Sunday 5 March 2017

Logan Review - Last Start For Hugh Jackman

Logan

Previous Wolverine screen outings suddenly feel a little fluffy and domesticated next to the feral rage of Logan. This is the adamantium-clawed assault of a movie that fans have been waiting for all along.

But just as the film-making starts to feel legitimately dangerous, the subject, Hugh Jackman’s troubled mutant, is starting to lose his punch. Something is poisoning him from the inside; it takes longer to recover from each new bout with the forces that would see his kind wiped from the face of the earth.

Once again, Wolverine unwillingly finds himself in a protector role. He is nursemaid to both the ailing Professor X (neat sound design captures the effect that brain disease has on the world’s most dangerous mind).

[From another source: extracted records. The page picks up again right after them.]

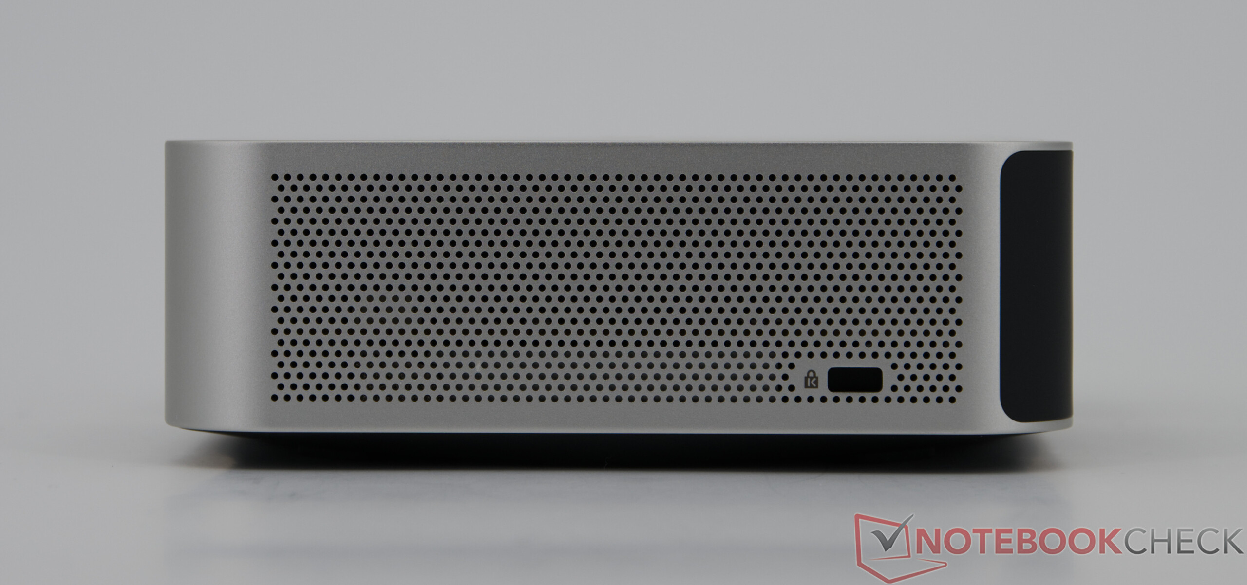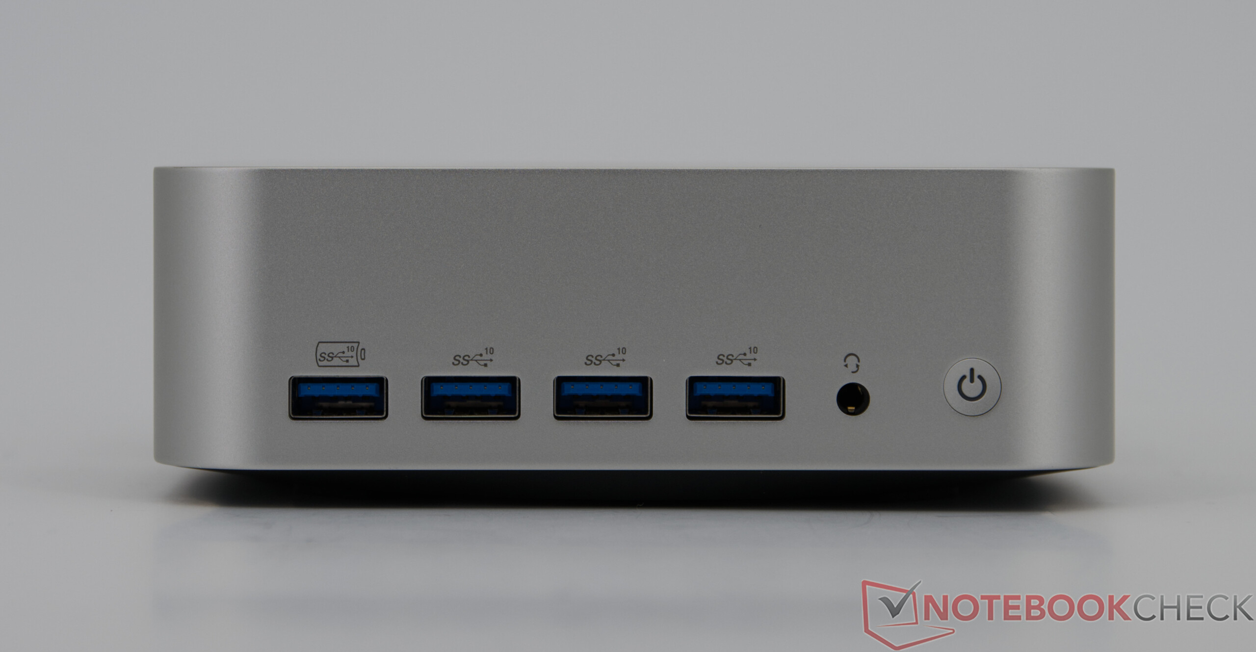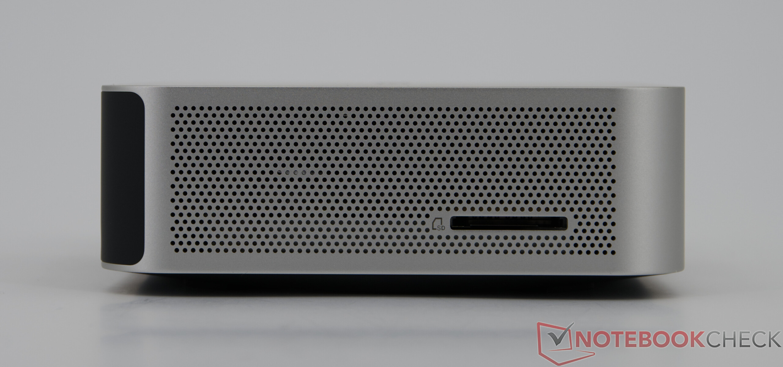 Det generöst tilltagna höljet möjliggör ett omfattande utbud av anslutningar: totalt sex USB-A-portar finns tillgängliga, varav fyra på framsidan, kompletterat med två USB4-portar på baksidan och två HDMI-utgångar. Detta gör att upp till fyra bildskärmar kan användas samtidigt. En snabb SD-kortläsare på sidan kompletterar utrustningen, medan USB4 möjliggör höga datahastigheter, vilket externa SSD-enheter visar på ett imponerande sätt.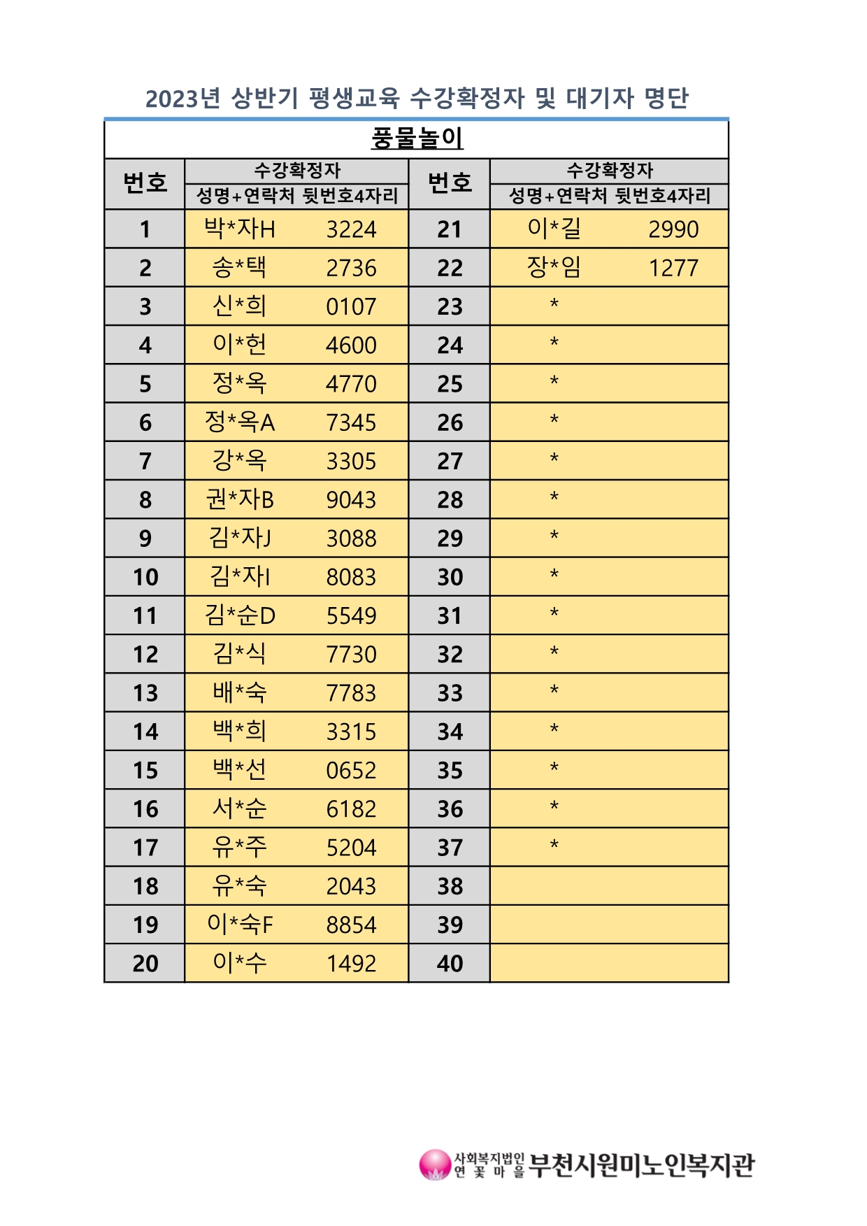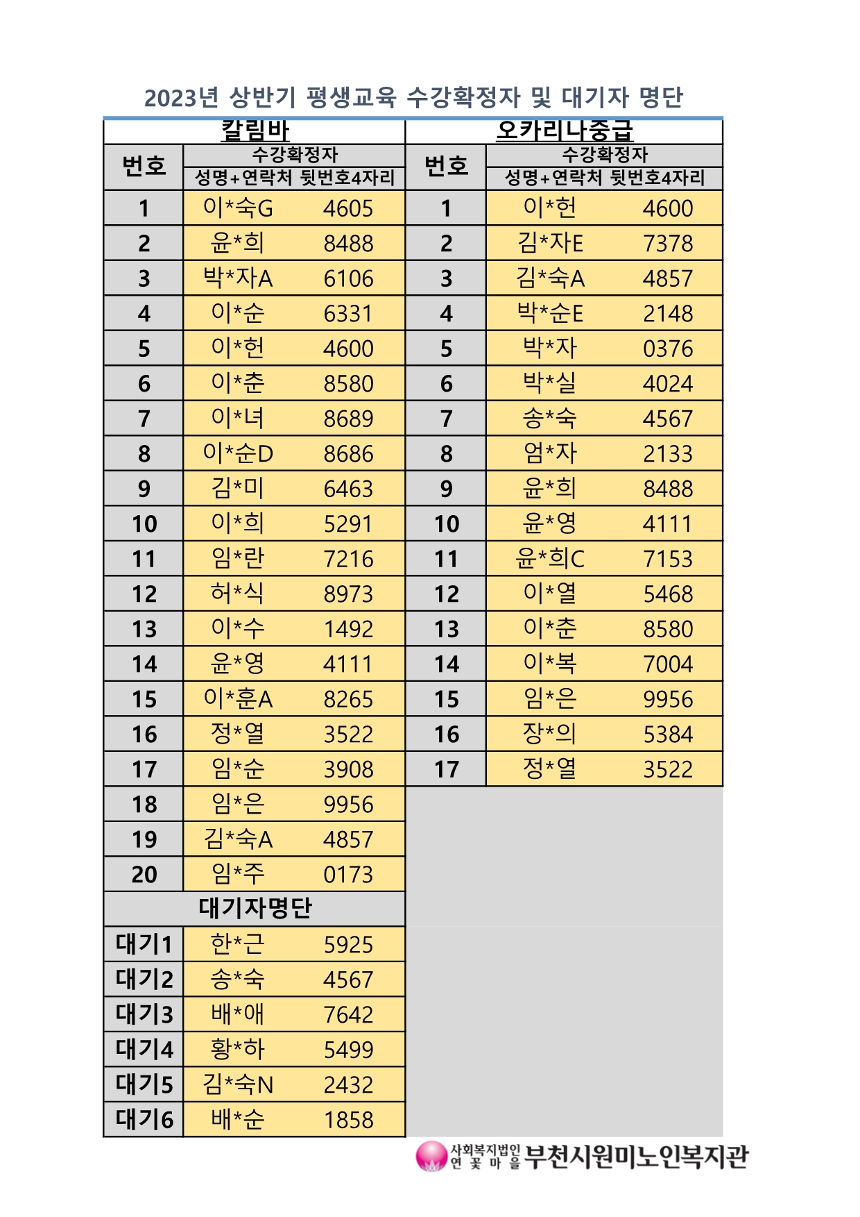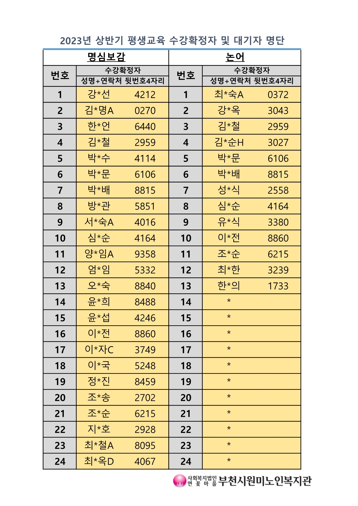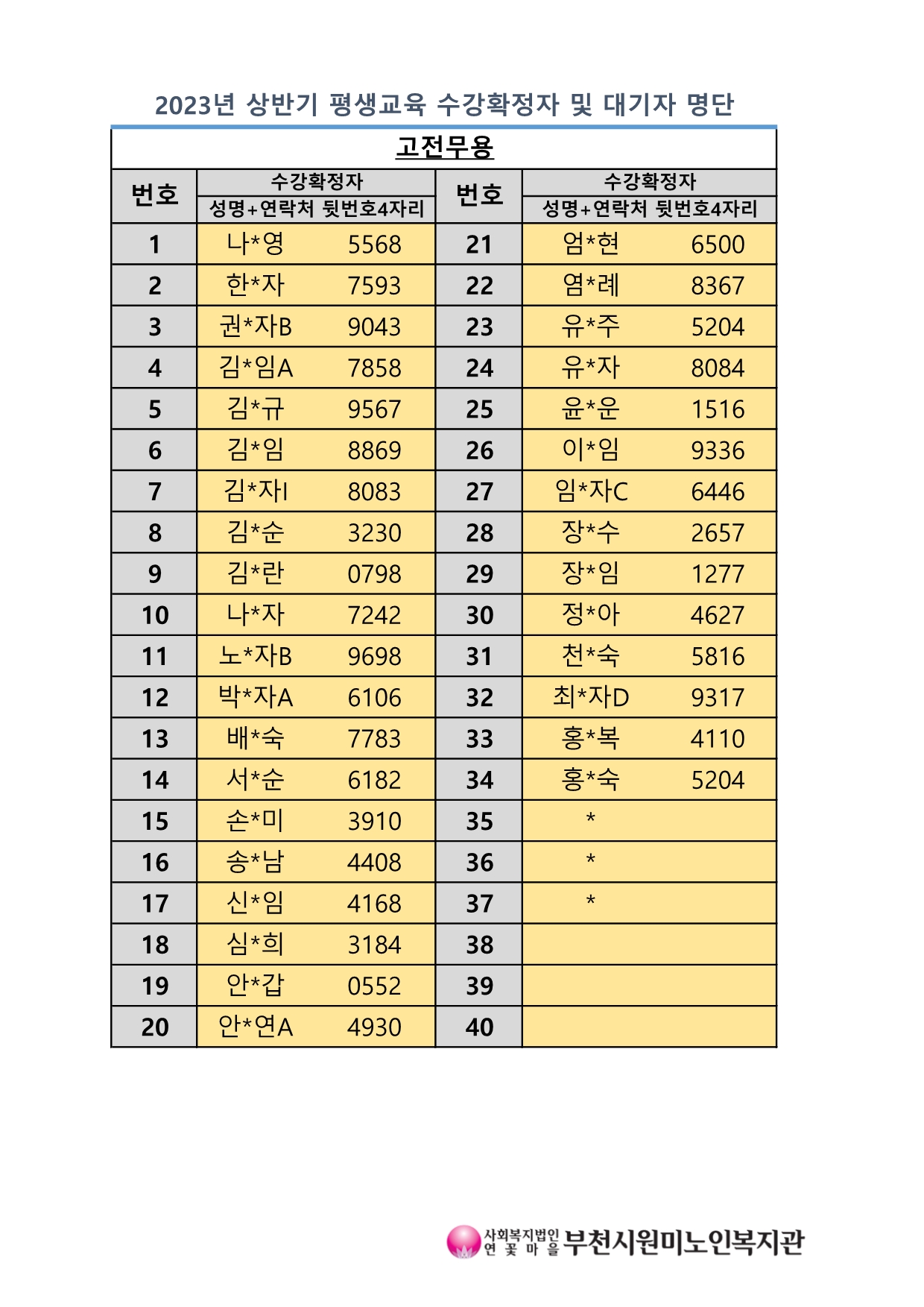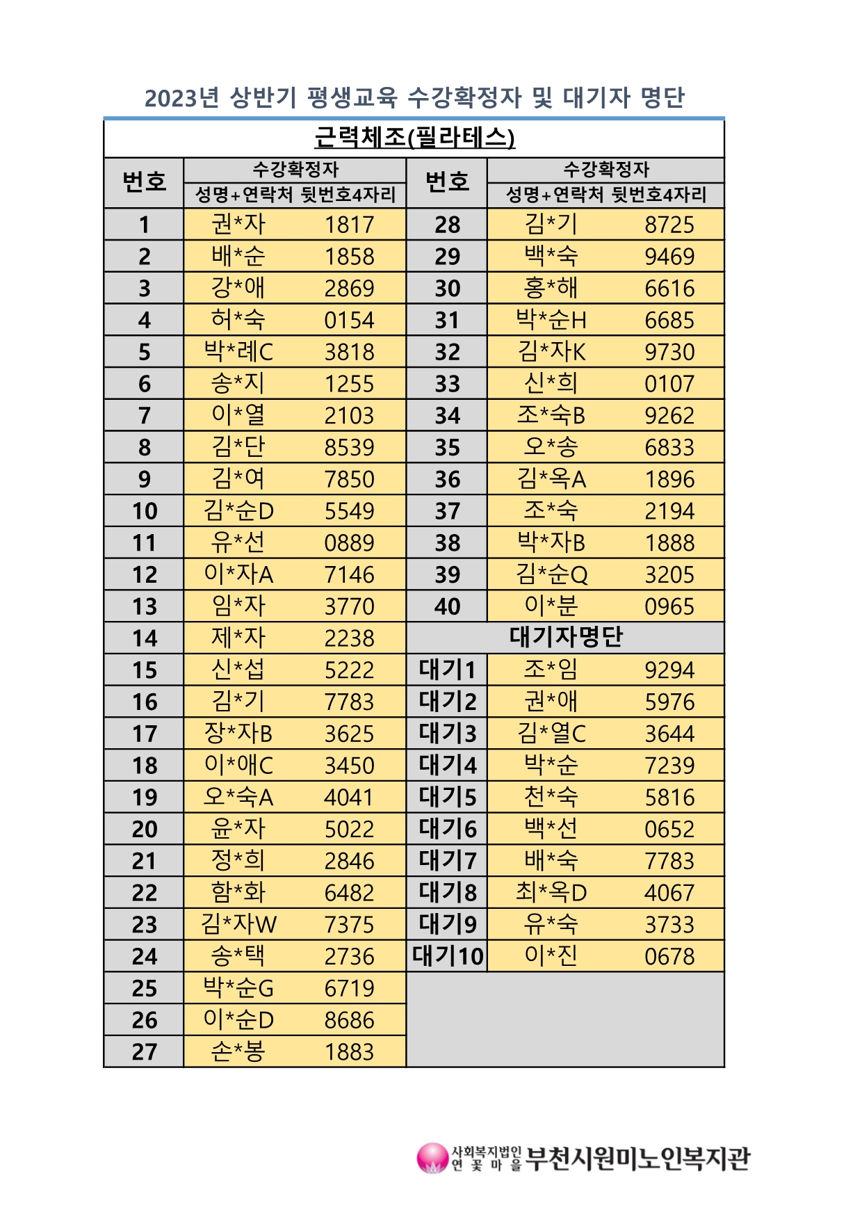 [부천시원미노인복지관] 2023년 상반기 평생교육 프로그램 추첨결과 공지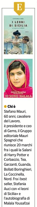 Corriere Economia 30 agosto 2021. Nota : sono consigliere del gruppo Messaggerie, la holding che controlla Gems.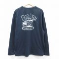 XL★古着 長袖 Tシャツ メンズ S 大きいサイズ コットン クルーネック 紺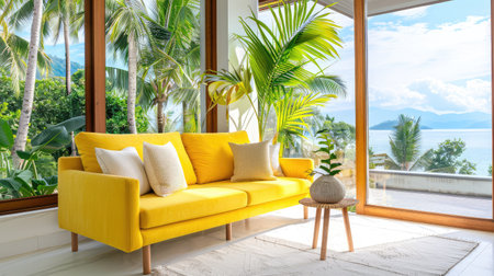 A stunning modern living room featuring a bright yellow sofa surrounded by large windows. The tropical scenery invites relaxation and comfort, showcasing stylish decor and abundant greenery.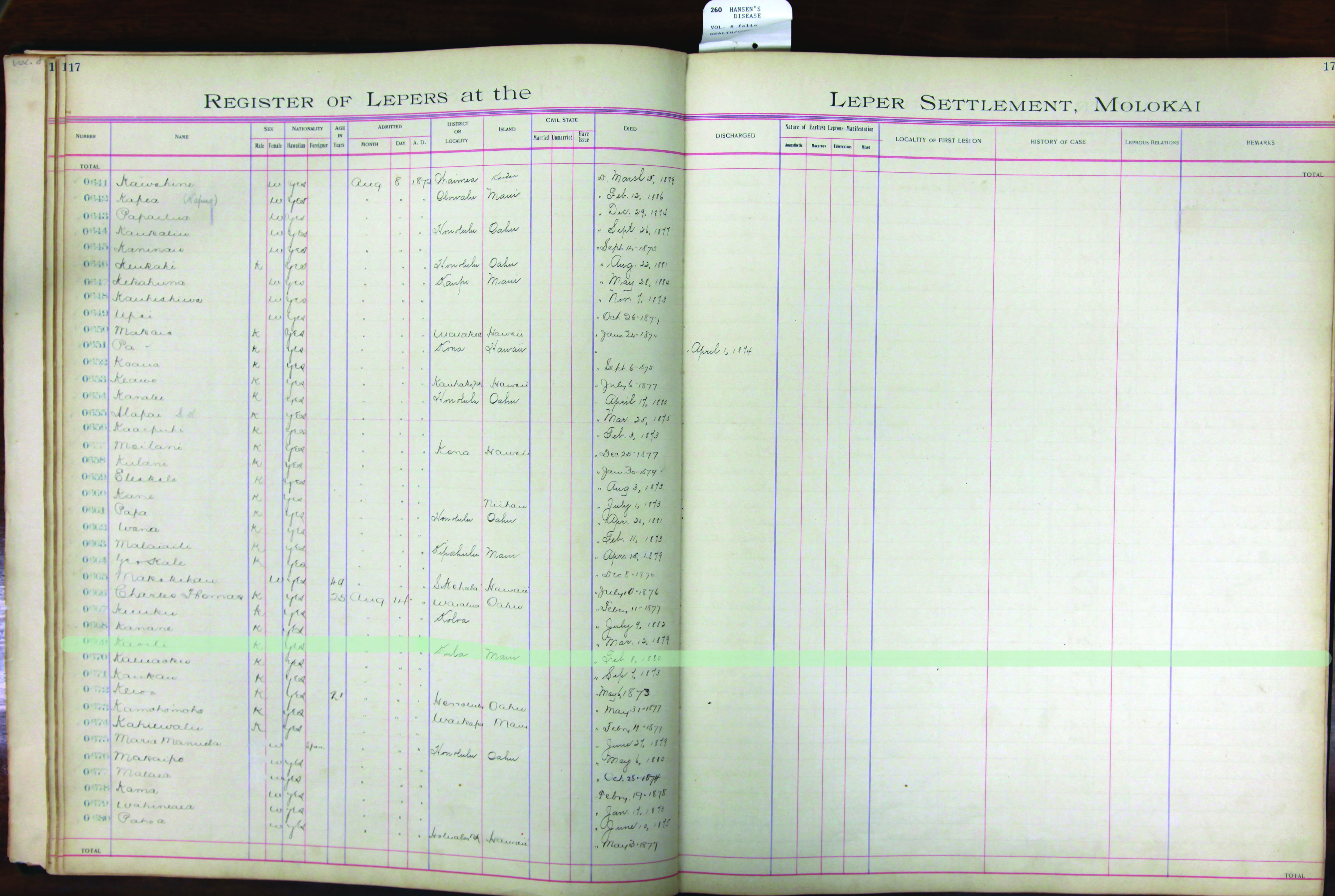 To request patient information, contact the Department of Health by email at hansensdisease.doh@doh.hawaii.gov or by post at: Hansen’s Disease Branch, 3267 Kilauea Ave., Room 102, Honolulu, HI 96816.

And to Laura (Dafne Keen, compelling), a child in whom he recognises the best and worst of himself. Perhaps the main question is why Laura speaks Spanish while the other children raised alongside her in Mexico speak American-accented English. However, it’s not enough to derail the story.

The score is particularly well used – from the woozy, barbiturate-blunted music of the first act, to the rumbling pulse of threat that drives us through the second two, it meshes brilliantly with the sound design. Tightly plotted and ruthlessly bloodthirsty, this is an impressive return to form for the X-Men franchise.